Кавалер сухо кашлял спросонок.
Пусто смотрел в близкий потолок, расписанный райскими золотыми павами по смертной русской синеве. Проступали на переносье не сведенные огуречным соком веснушки.
Являлся малахитовый лакей. Предлагал шоколаду с корицей на серебряном подносе с вязью. Кавалер улыбался, ласкал пальцами лисьи меха, мучил строчную отрочку. Оставлял на краю блюдца отмоклую коричную палочку.
Представлял, как бродит окрест бессовестный рассвет. Дома на Басманной, на северо-востоке от палат насквозь стояли. Бабы-холстинницы хлебы ставили, на длинных лопатах в самопечный жар. Лавочник отмыкал ставни. Молочное младеня в тростниковой колыске гулило, молока просило, смотри, смотри, как кулачки жмет, хочет имя свое поймать и не может, тянется к огню и плачет от ожога.
На Москве всегда все жгут: ночные костры для будочников и нищих зимой, мусор и сухую траву весной, тополиный пух - летом, опавшие листья - осенью.
Палят обрезанные сучья деревьев, топят бани, чадят кухонные трубы, в барских домах разожжены для радования и уюта изразцовые печи, пышут кузнечные горны, на дворах под сухими навесами лежат полосы уральского железа.
Горят в праздничные и викторийные дни сотни тысяч шкаликов иллюминации.
Горят купола и кресты - золотые голуби о четырех крылах, горят пчелиными тысячными огоньками свечи в глубинах церквей, за приотворенными окованными дверьми.
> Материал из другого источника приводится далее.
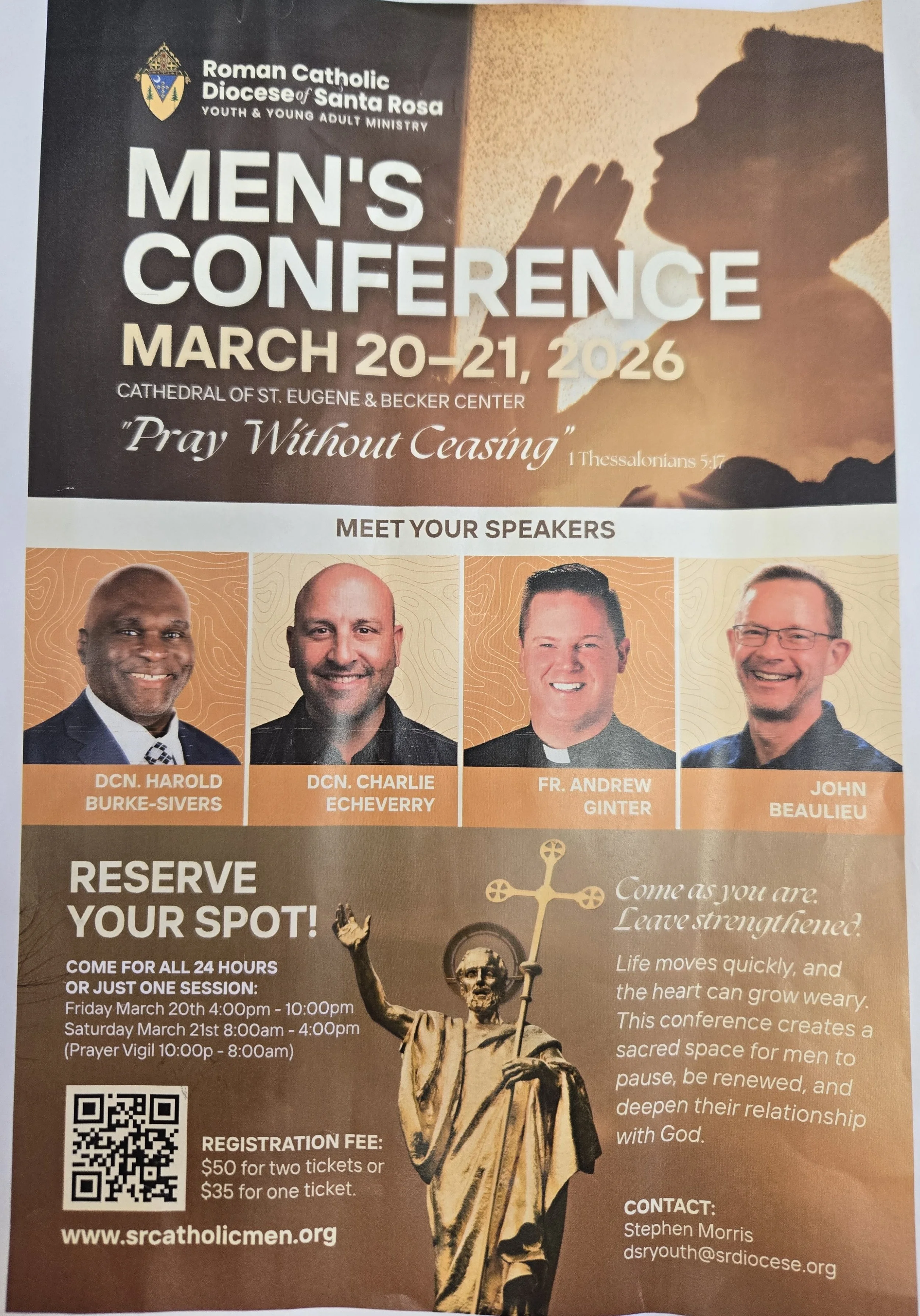 RENEW YOUR SPIRIT - You're Invited to the St. Apollinaris Lenten Retreat – “Renewing Our Baptismal Promises” – Saturday February 21, 9:00-12:30 pm in the church. Fr. John Ouellette, CFR, of the Franciscan Friars of the Renewal, will reflect on the themes: where you are, the Kingdom of God is at hand, and renewing our Baptismal promises – with Exposition and Mass. Refreshments provided. Free will offering. To register: contact Jackie at jgongnapa@aol.com / 707-486-9502 or the St. A’s office 707-257-2555. Begin your Lenten journey towards deepening your spiritual life.

Горит на солнце жестяное кружево дымников, и флюгарок, пунцовыми цветами распалены малеванные лица баб на морозе. Румянец - по всей щеке, брови - сажей, губы - вишеньем ржавым цветут. Горит в печном устье ржаной хлеб с закалом, откликается звоном нелуженая самоварная медь - меди колокольной. Горит ярое железо в конских пастях на всем скаку, левая кольцом, права еле дух переводит, а коренная на всех рысях с пеной у рта. Кнут ожигает рыжие бока пристяжной, визжит пристяжная, частит по-волчьи в припрыжку, хорошо пущено! Свистит жиган на кОзлах, на шапке - цыганское золото зажжено. На воре шапка горит.
В октябре волнами зажигались винным и медвяным рощи на монастырских склонах над Яузой и по Москве-Реке. Алая рябина посулила суровую зиму. Скворцы клюют грозди. Их перекличка в дрожащем воздухе жестока и нежна:
- Жги- жги! Жги-жги!
Теплые надышанные жильем, воздухи трепещут над крышами точно над пожарищем.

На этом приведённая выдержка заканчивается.